Tests are the floor — make them a required check
Before any AI judges anything, run the stuff that needs no judgement: types, tests, linters, fixtures that pin known-good output. Then do the bit most teams skip. Wire that job as a required status check on a protected branch, and take the agent’s merge rights away. A red test stops being advice at that point; the PR just can’t merge, however sure the commit message sounds.

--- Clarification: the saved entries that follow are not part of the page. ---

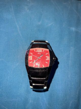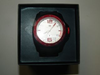 Reloj de pulsera con un diseño deportivo y moderno. No tiene pila, pero funciona perfectamente. Esta nuevo sin uso. - Correa de caucho negra. - Bisel y detalles en color rojo. - Esfera con índices y manecillas plateadas.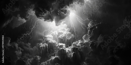 Wall mural : A black and white photo of a dramatic lightning storm, ideal for use in news or weather reports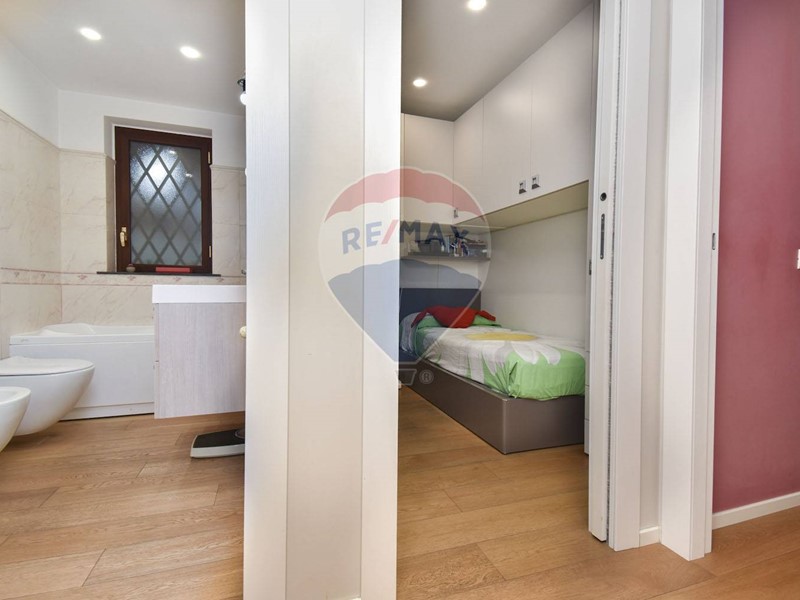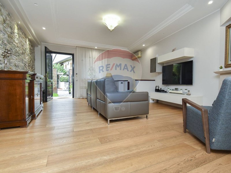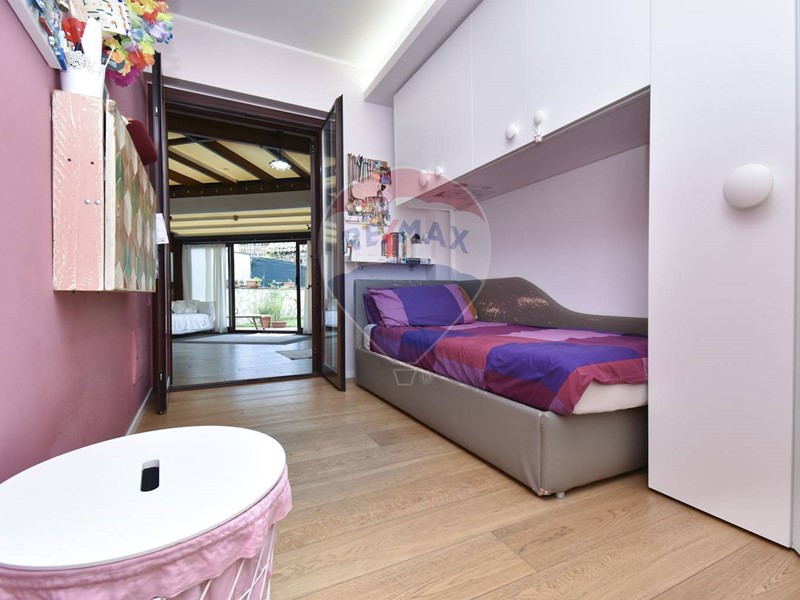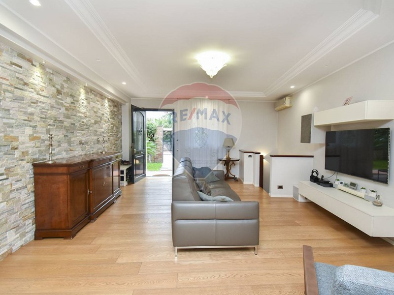 L'accesso dal piano strada è del tutto autonomo tramite un giardinetto di rappresentanza. Appena entrati in casa si è subito in un ambiente living con zona soggiorno dotata di un camino, che rende tutto l'ambiente caldo e accogliente, che si articola a seguire in una zona cucina comoda e moderna. Da qui si diparte un giardino d'inverno che dona luminosità e respiro e dal quale si accede al giardino privato retrostante di coltre 50 mq, un'oasi di tranquillità dove poter trascorrere piacevoli momenti all'aria aperta, grazie anche all'angolo barbecue che lo caratterizza, e dotato di moderni impianti di illuminazione e irrigazione. Dalla cucina si entra anche nella zona notte, composta da un bagno con confortevole vasca con idromassaggio, un'ampia camera matrimoniale, e due camerette. Dal soggiorno, tramite una scala interna, si scende nel locale sottostante, reso luminoso da ampi pozzi luce, che può essere utilizzata come studio o come quarta camera da letto, essendo servito da un bagno con box doccia e da un ripostiglio.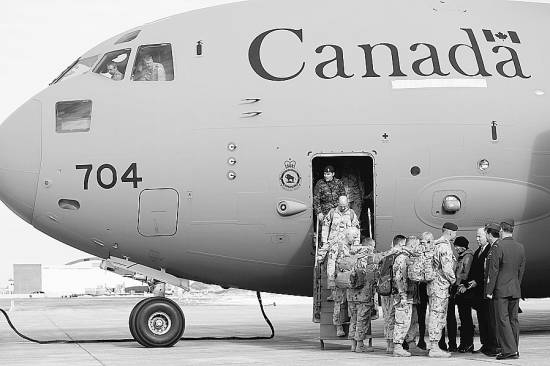 3月18日,渥太华机场,加拿大驻阿富汗最后一批军人走下“C-17环球霸王”运输机,其在阿富汗的军事行动3月12日正式结束。加拿大2001年参与以美国为首的北约出兵阿富汗,13年来先后派出4万多军人,是其历史上最大规模的海外派兵行动,共有158人阵亡,2000人受伤。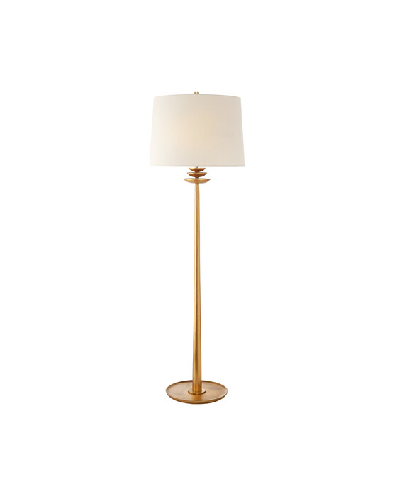 Beaumont från AERIN tar en välbekant silhuett och omformar den med moderna detaljer. Kronbladsliknande designelement ger en organisk touch till öppna utrymmen såsom bibliotek eller vardagsrum. Skärmar i linne ger riklig, sofistikerad belysning.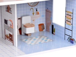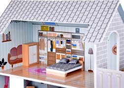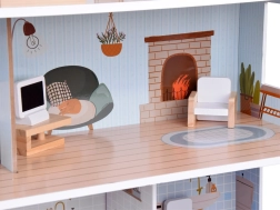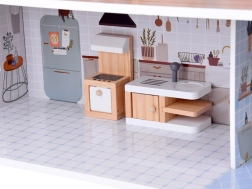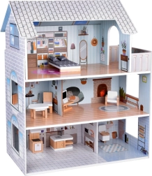 Această vilă elegantă din lemn pentru păpuși oferă trei etaje de distracție și mult spațiu pentru imaginație. Copiii vor descoperi bucătăria, baia, livingul, sufrageria și un dormitor spațios cu balcon. Tapetele, pardoselile și micile decorațiuni realiste în culori pastel creează o atmosferă primitoare pentru povești fără sfârșit.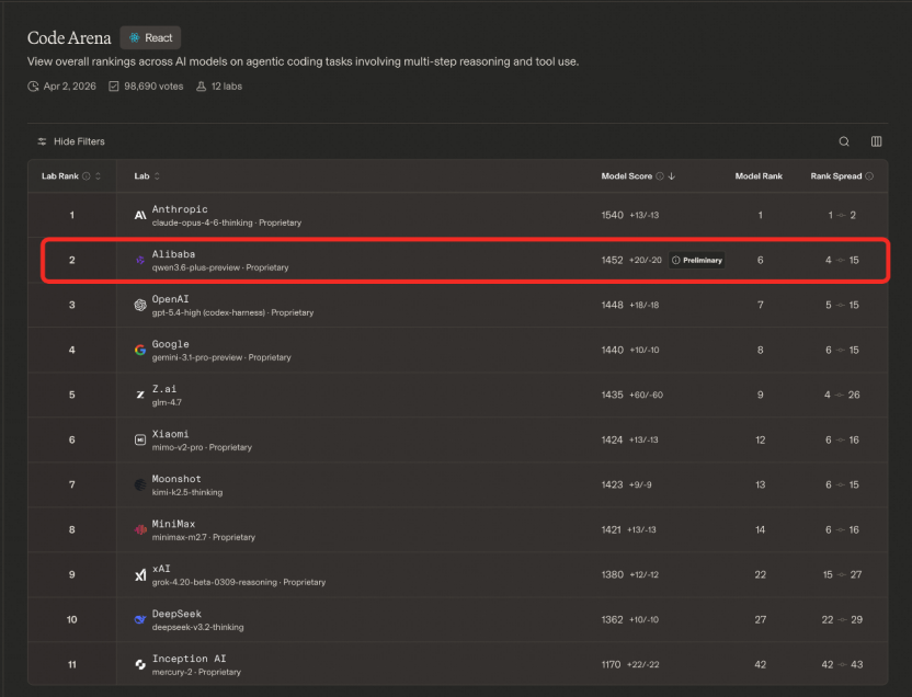 徽声在线4月3日讯,当日,全球极具影响力的大模型盲测榜单LMArena旗下专注于AI编程能力评估的Code Arena,正式对外发布了新一期的排名情况。在此次榜单中,阿里巴巴最新推出的新一代大语言模型Qwen 3.6 - Plus表现极为亮眼,一举登上全球榜单的第二名,成功超越了OpenAI、Google、xAI等一众国际科技巨头,成为该榜单上排名最为靠前的中国大模型。 Qwen3.6 - Plus是阿里巴巴于4月2日全新发布的新一代大语言模型。它具备原生多模态理解能力,这意味着它能够同时处理和理解多种不同类型的数据,如文本、图像等;其推理能力也十分强大,可以基于已有的信息进行深入分析和推断。特别是在代码生成与Agent能力方面,Qwen3.6 - Plus展现出了突出的优势,能够高效准确地生成代码,并且可以很好地模拟智能体的行为和决策。 从榜单的具体数据来看,千问3.6的得分仅次于Anthropic旗下的Claude - Opus - 4.6 - Thinking(1540分),仅仅以4分的微弱优势领先于OpenAI最新发布的GPT - 5.0 - High(1448分),同时以12分的差距超越了Google的Gemini 3.1 Pro Preview(1440分)。这一成绩充分彰显了Qwen3.6 - Plus在AI编程领域的强大竞争力。 据了解,Qwen3.6 - Plus是阿里千问3.6系列推出的第一款模型。后续,千问3.6系列还将陆续开源其他尺寸的模型,为更多的开发者和研究人员提供便利。而且,性能更为强劲的旗舰模型Qwen3.6 - Max也即将在近期发布,这无疑让人们对阿里巴巴在大语言模型领域的发展充满了期待。 |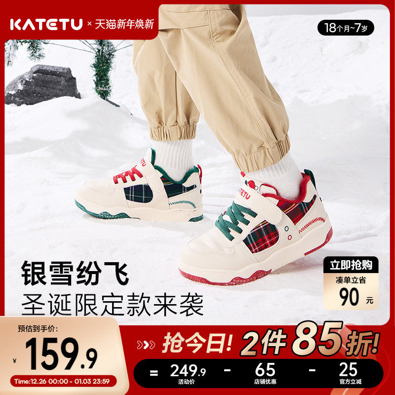 卡特兔儿童运动板鞋2025秋冬新款幼儿园小白鞋加绒棉鞋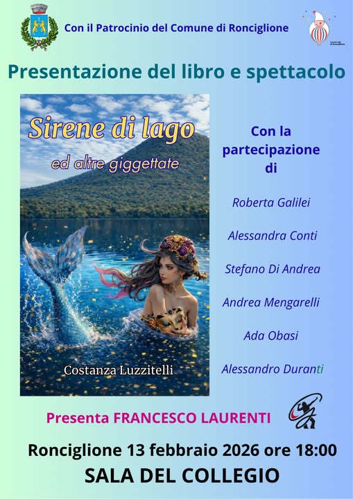 Un viaggio tra parole, suggestioni e atmosfere incantate attende il pubblico venerdì 13 febbraio 2026 alle ore 18:00, presso la Sala del Collegio di Ronciglione, in occasione della presentazione del nuovo libro di Costanza Luzzitelli, “Sirene di lago ed altre giggettate”.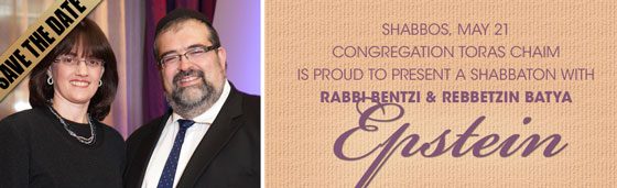 - During Shalosh Seudos: Rabbi Bentzi Epstein will speak for the men in shul, and Rebbetzin Batya Epstein will speak for the women at the Rich home.
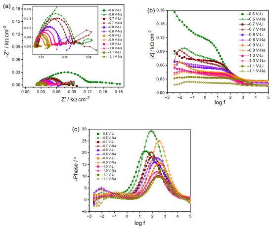 EIS spectra of Cu electrode in CO2-saturated 0.1 M Li2CO3 and Na2CO3 under more negative bias voltage (−0.6 to −1.1 V). (a) Nyquist plots and corresponding Bode plots of (b) impedance vs. frequency and (c) phase vs. frequency. Inset is zoom-in of the figure.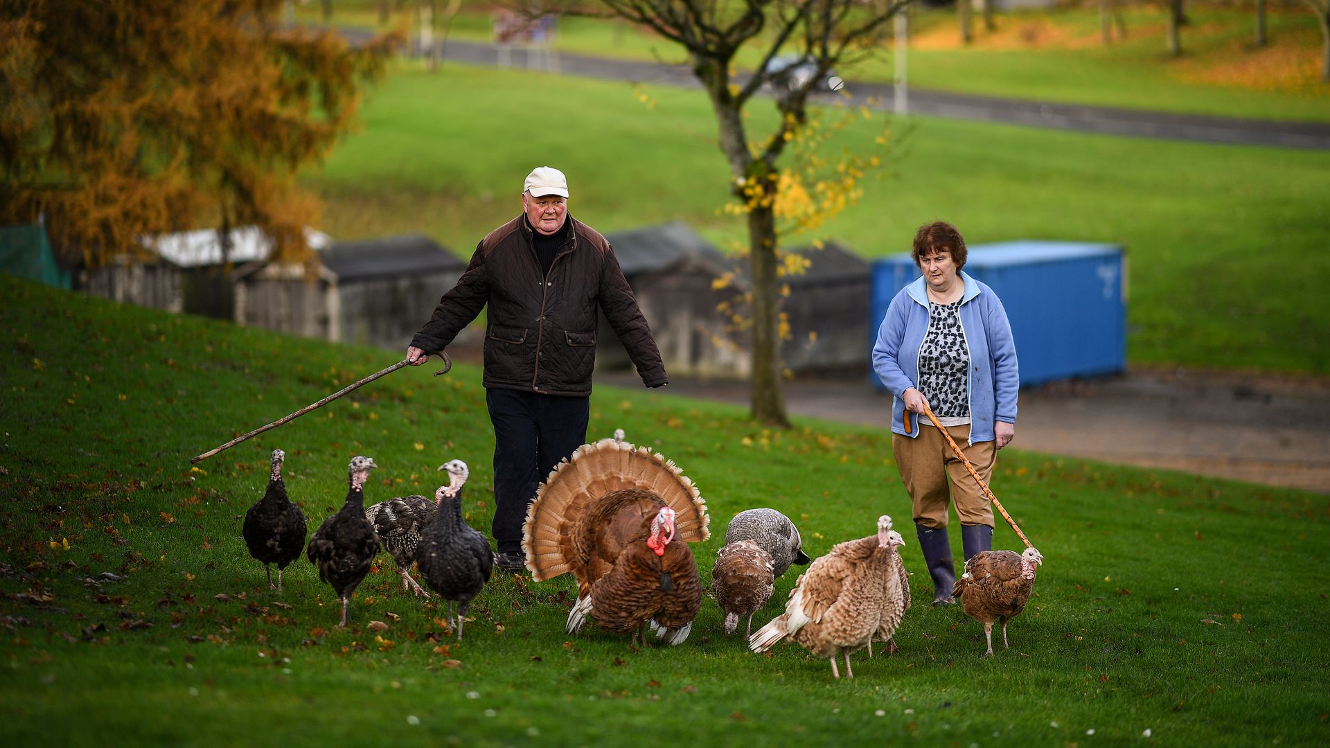 Retired businessman Brian Moodie, 74, and his sister, Gillian Moodie, take his turkeys for a walk near his home in Camelon, Scotland. Photo: Jeff J Mitchell/Getty Images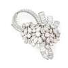 of stylised scrolling design, set throughout with graduated round brilliant, marquise and baguette cut diamonds, modelled in unmarked white metal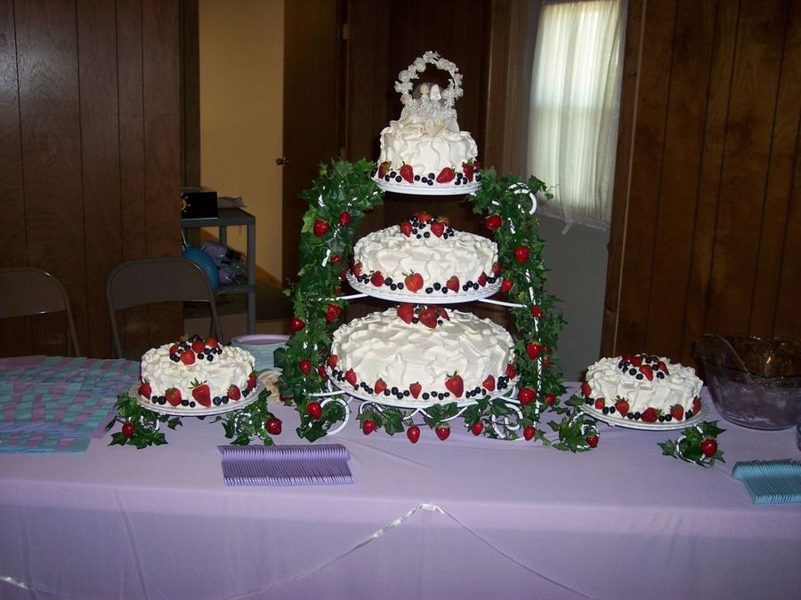 This is the full set up. This cake was quite an adventure! The bottom cake is strawberry pound, middle tier is blueberry pound and the top and two side cakes are white. The cake with icing was almost too big to go into the garden stand, so the fruit had to be put on when we go to the reception hall, which worked out better. I was worried at first, but the finished product turned out better than I thought.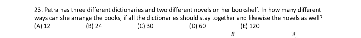 Q23. Petra h a a s three diff e e rent diction aries and t w w o different n n ovels on he r bookshelf. In how man y y different ways can s h h e arrange t h h e books, if a a ll the dictio n n aries shoul d d stay toget h h er and like w w ise the nov e e ls as well?
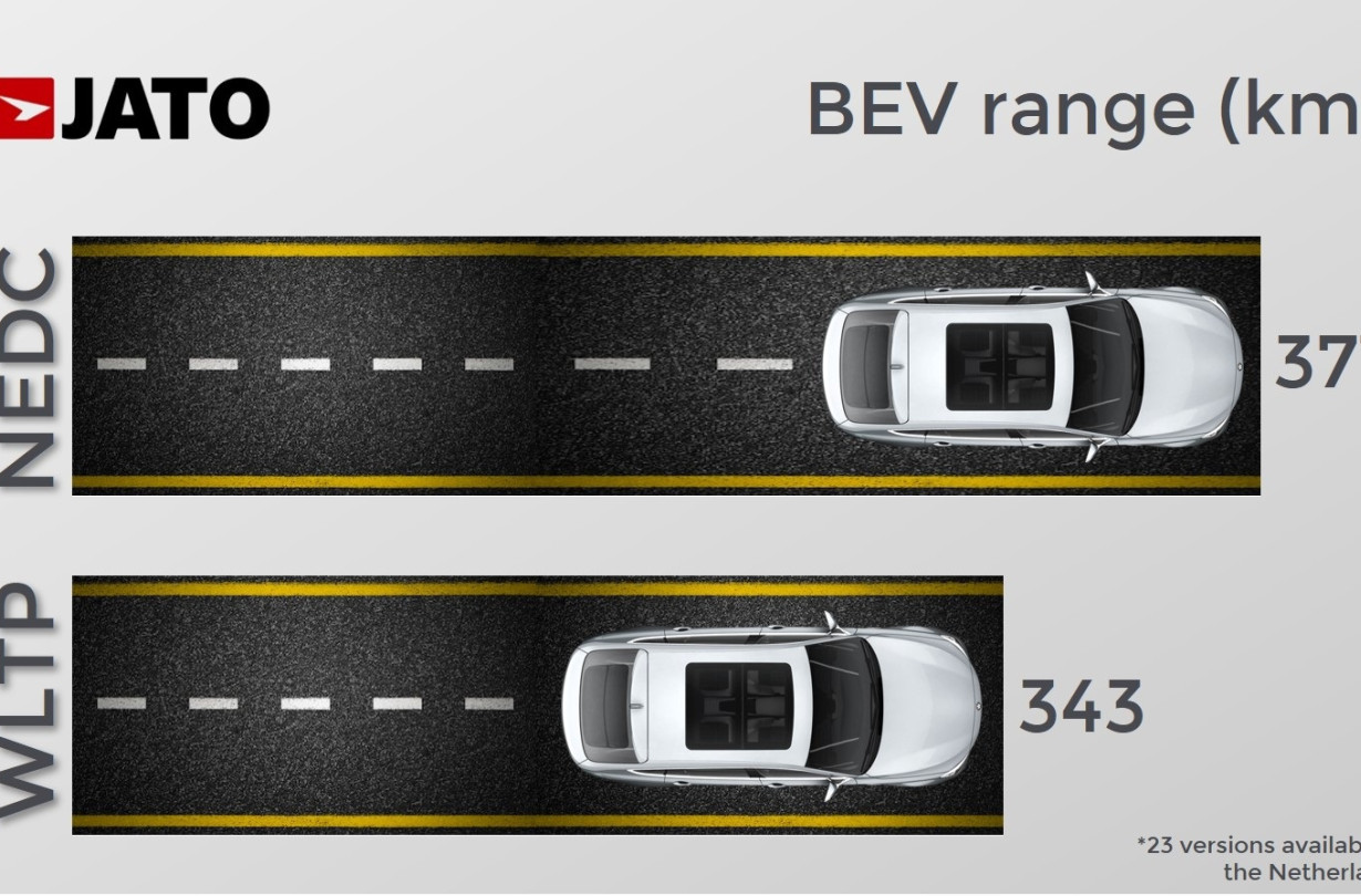 Τα 23 οχήματα που δοκιμάστηκαν από την Jato έχασαν κατά μέσο όρο 27 km αυτονομίας μεταξύ της δοκιμής NEDC και της δοκιμής WLTP: 371 σε NEDC έναντι 343 km σε WLTP.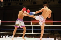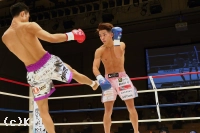 1R、池田はオーソドックス、橋本はサウスポーで互いにロー、ミドルを蹴り合う。170cmと上背のある池田はミドルを放っていくが、橋本は動ぜず、左ボディストレート、右フックと力のこもったパンチを振るっていく。池田もガードを高く上げてこのパンチをブロックし、ミドルと接近してのヒザ蹴りで攻める。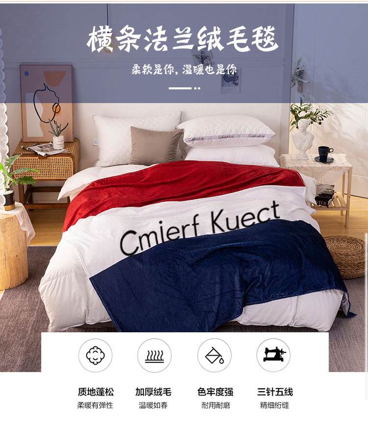 Cmierf Kuect (中国CKIR)横条法兰绒毛毯200*180cm CKIR-JD006 (新疆,西藏,宁夏,青海,内蒙古,甘肃,黑龙江,吉林,辽宁不发货)

That one step is most of the win. It’s also why DORA’s research keeps landing on the same result: AI helps teams that already have strong delivery practices and quietly hurts the ones that don’t, because it amplifies whatever was already there. GitHub built the assumption straight into its own agent — Copilot’s PRs can’t self-approve, can’t mark themselves “ready for review”, and run behind your required checks. Worth copying even if you drive a different agent.
Here’s the actual reviewer (steal it)
Some rules don’t reduce to a unit test. “This setting now controls two things.” “This contradicts what we decided last week.” That’s the work for a second model reading the diff, and it’s where most write-ups wave their hands: they tell you to add a reviewer and skip the prompt, which is the only hard part. Here’s one that’s held up against real agents. Drop your own invariants in.
You are a merge gate, not a teammate. You do not improve this pull request —
you decide whether it is allowed to merge. Assume the author is a capable agent
that may have optimised for a clean-looking diff over a correct one.
Judge the diff ONLY against the numbered invariants below. Ignore style, naming,
and anything not on the list — that is not your job, and noise gets you muted.
For each suspected violation, name the invariant, the file and line, and exactly
what breaks and when. Not "this could be risky" — say the failure.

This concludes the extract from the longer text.